Exactly as written, return the entries below, minus any pictures.

» **Material for this exercise**:
_____

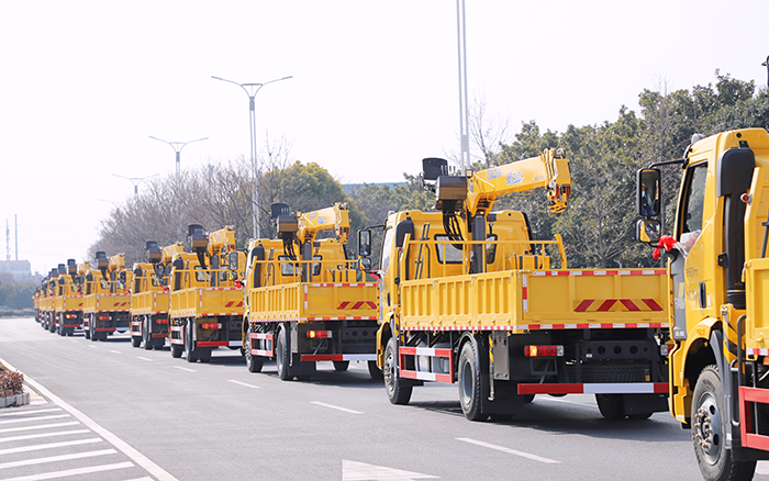一輛輛隨車起重機緩緩駛出工廠,它們將奔赴各個城市建設(shè)項目現(xiàn)場,成為城市建設(shè)的得力 “干將”。這批隨車起重機的投入使用,將為城市建設(shè)帶來顯著的推動作用。在城市基礎(chǔ)設(shè)施建設(shè)中,它們能夠高效地搬運和安裝大型構(gòu)件,加快工程進(jìn)度;在城市改造項目里,靈活的操作性能讓其在狹窄空間內(nèi)也能施展拳腳,助力城市面貌煥然一新。
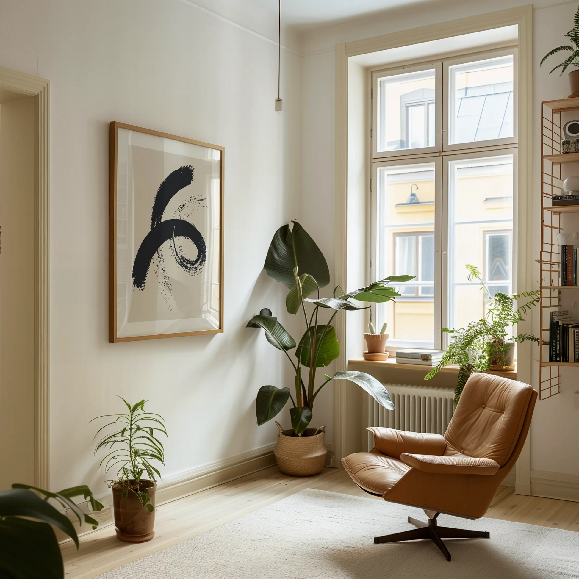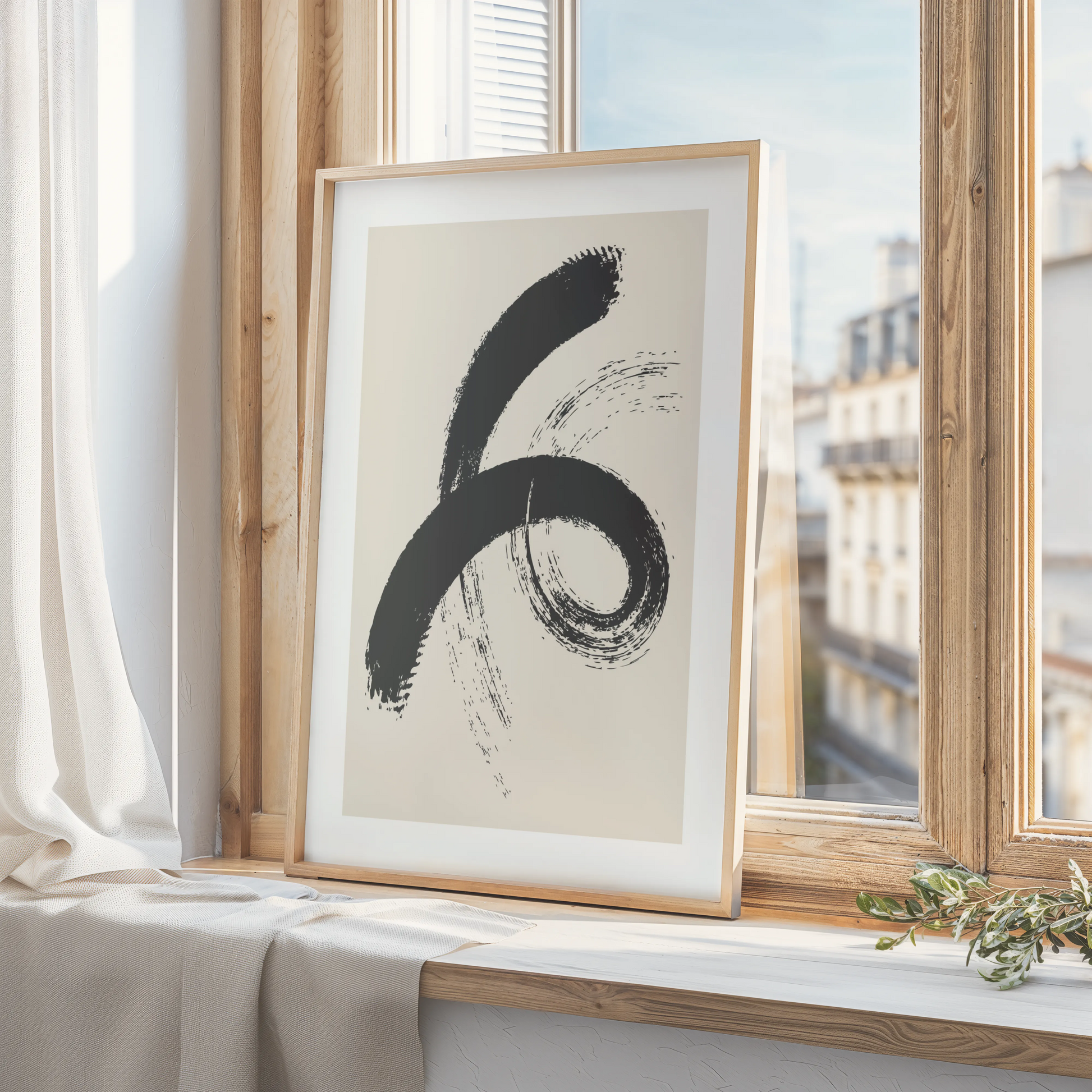 Minimalist decorative poster featuring a simple black curved stroke on a beige background. The brushstroke creates a simple yet expressive shape that gives a sense of movement. Perfect for modern and minimalist spaces.
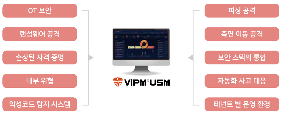 - 보안 사고 대응 시간 단축: VIPM-USM은 감시부터 대응까지의 시간을 단축하여 보안 사고로 인한 피해를 최소화 할 수 있습니다. 자동화 대응 체계로 보안 위협에 대한 확산을 방지하고 신속하게 대응할 수 있습니다.
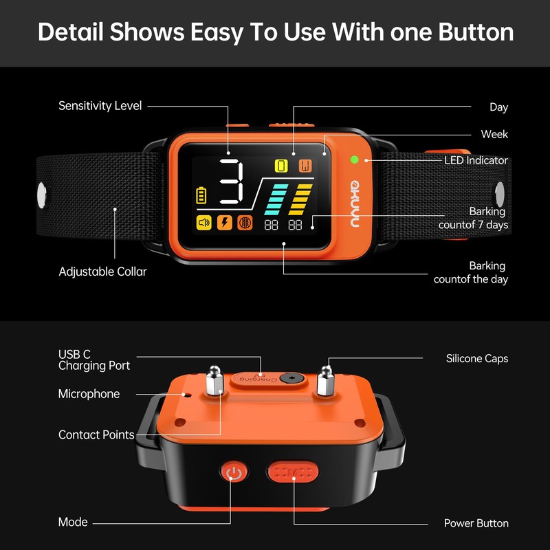 - 【Quick Charging & Protection Mode】Bark collars for dogs charge in just 2 hours and can last up to 15-20 days. adopts an intuitive large LED color interface, which displays richer content and has a strong sense of technology. Effectively eliminates annoying barking at night or when you're away, creating a peaceful environment for your family and neighbors. AKUVU Dog Bark Collar features an intelligent protection mode, automatically pausing for 1 minute after 6 stimulation
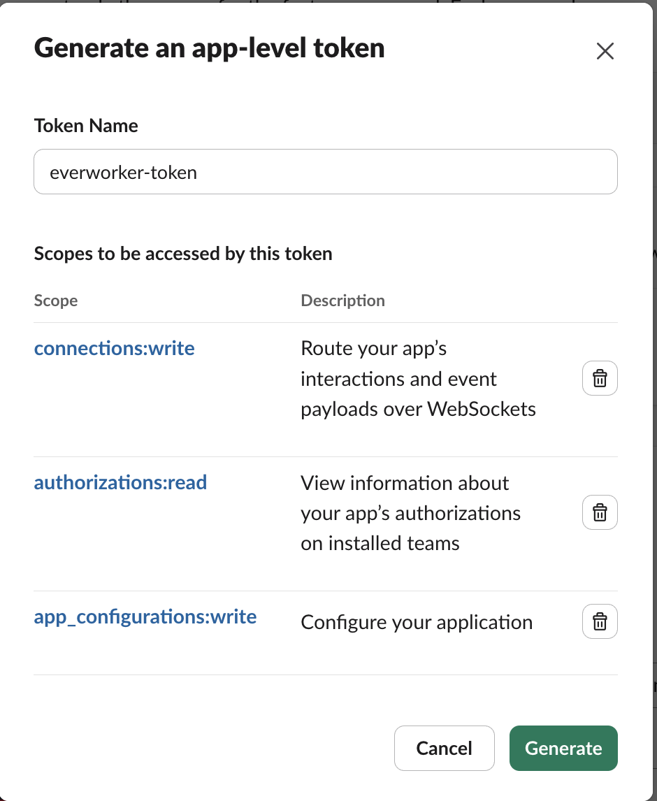 | Connector not working in EverWorker | Double-check that you used the Bot User OAuth Token (starts with xoxb-) for the API Key field, not a User Token. Also verify the App Token and Signing Secret are correct. |
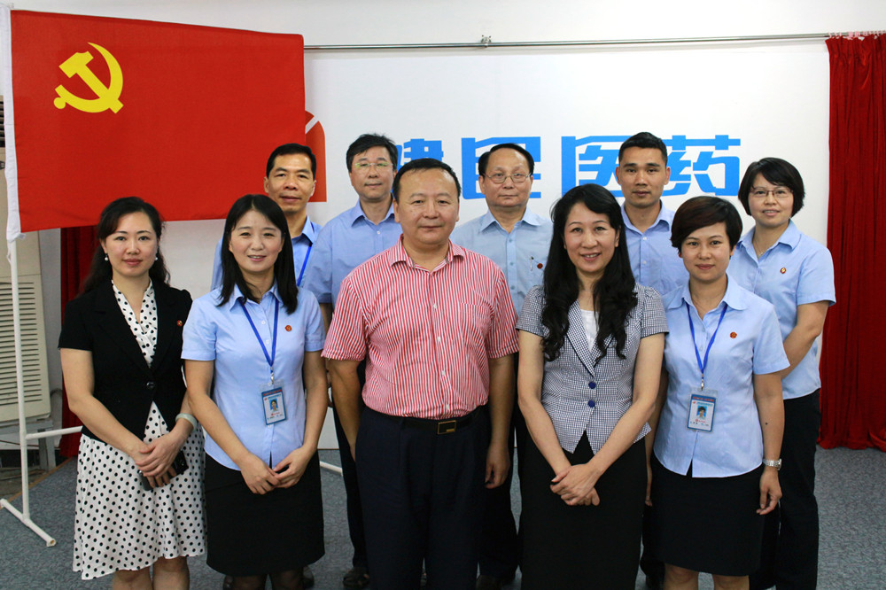 廣州醫(yī)藥黨委書(shū)記蘇廣豐(一排左三)、黨委副書(shū)記楊瑞云(一排右二)與健民連鎖黨支部新舊委員合影

_____

» **Result of the task**:
一輛輛隨車起重機緩緩駛出工廠,它們將奔赴各個城市建設(shè)項目現(xiàn)場,成為城市建設(shè)的得力 “干將”。這批隨車起重機的投入使用,將為城市建設(shè)帶來顯著的推動作用。在城市基礎(chǔ)設(shè)施建設(shè)中,它們能夠高效地搬運和安裝大型構(gòu)件,加快工程進(jìn)度;在城市改造項目里,靈活的操作性能讓其在狹窄空間內(nèi)也能施展拳腳,助力城市面貌煥然一新。
 Minimalist decorative poster featuring a simple black curved stroke on a beige background. The brushstroke creates a simple yet expressive shape that gives a sense of movement. Perfect for modern and minimalist spaces.
 - 보안 사고 대응 시간 단축: VIPM-USM은 감시부터 대응까지의 시간을 단축하여 보안 사고로 인한 피해를 최소화 할 수 있습니다. 자동화 대응 체계로 보안 위협에 대한 확산을 방지하고 신속하게 대응할 수 있습니다.
 - 【Quick Charging & Protection Mode】Bark collars for dogs charge in just 2 hours and can last up to 15-20 days. adopts an intuitive large LED color interface, which displays richer content and has a strong sense of technology. Effectively eliminates annoying barking at night or when you're away, creating a peaceful environment for your family and neighbors. AKUVU Dog Bark Collar features an intelligent protection mode, automatically pausing for 1 minute after 6 stimulation
 | Connector not working in EverWorker | Double-check that you used the Bot User OAuth Token (starts with xoxb-) for the API Key field, not a User Token. Also verify the App Token and Signing Secret are correct. |
 廣州醫(yī)藥黨委書(shū)記蘇廣豐(一排左三)、黨委副書(shū)記楊瑞云(一排右二)與健民連鎖黨支部新舊委員合影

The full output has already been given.